* _SOURCE DATA_
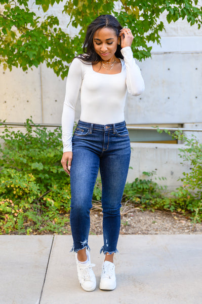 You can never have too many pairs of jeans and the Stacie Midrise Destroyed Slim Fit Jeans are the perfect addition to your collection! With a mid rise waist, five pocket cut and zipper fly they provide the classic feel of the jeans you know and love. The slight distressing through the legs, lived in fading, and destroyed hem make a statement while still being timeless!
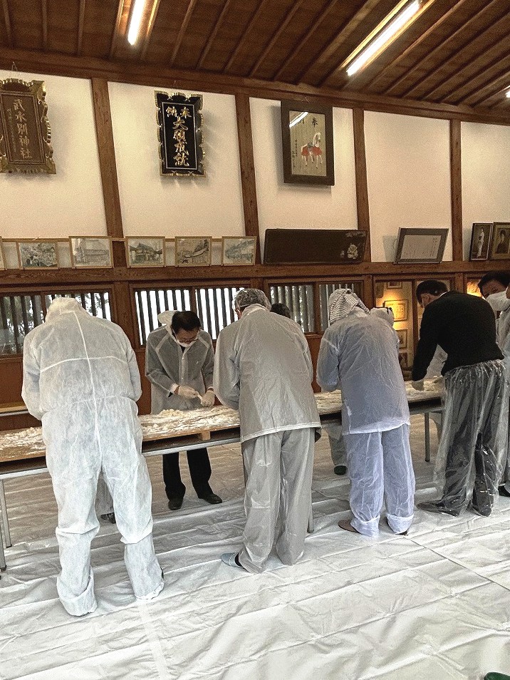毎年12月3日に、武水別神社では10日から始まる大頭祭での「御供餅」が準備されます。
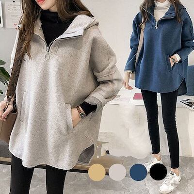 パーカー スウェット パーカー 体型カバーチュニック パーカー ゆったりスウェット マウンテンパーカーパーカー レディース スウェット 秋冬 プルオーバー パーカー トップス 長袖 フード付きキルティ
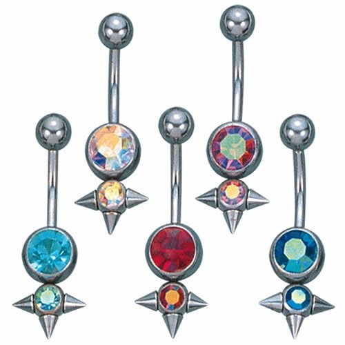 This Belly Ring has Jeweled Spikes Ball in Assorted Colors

...

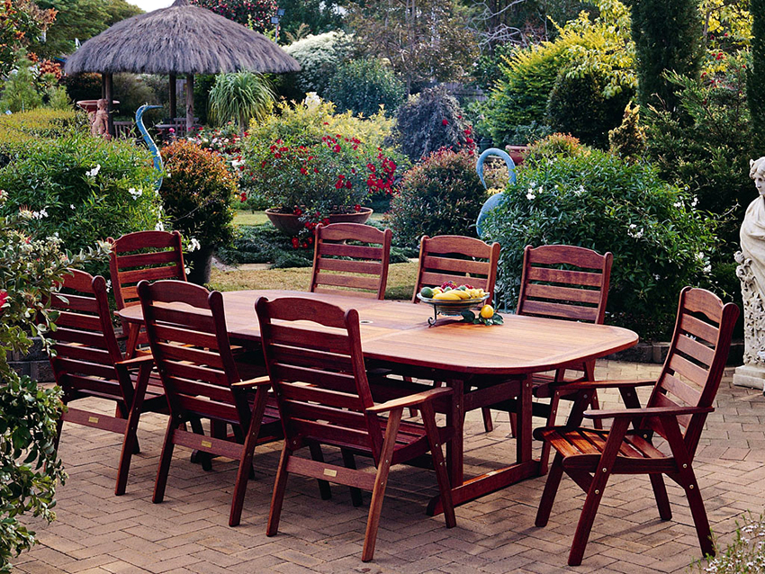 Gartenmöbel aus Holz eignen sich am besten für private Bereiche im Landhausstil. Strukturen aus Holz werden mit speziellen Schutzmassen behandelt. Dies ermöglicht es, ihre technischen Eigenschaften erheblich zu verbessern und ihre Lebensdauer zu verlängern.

* _TRY IT_
In the data above, start at the line holding "You can never" and stop after the line holding "毎年12月3日に、武水別神社"; write out those lines exactly, without pictures.

* _SOLUTION TO THE PROBLEM_
 You can never have too many pairs of jeans and the Stacie Midrise Destroyed Slim Fit Jeans are the perfect addition to your collection! With a mid rise waist, five pocket cut and zipper fly they provide the classic feel of the jeans you know and love. The slight distressing through the legs, lived in fading, and destroyed hem make a statement while still being timeless!
毎年12月3日に、武水別神社では10日から始まる大頭祭での「御供餅」が準備されます。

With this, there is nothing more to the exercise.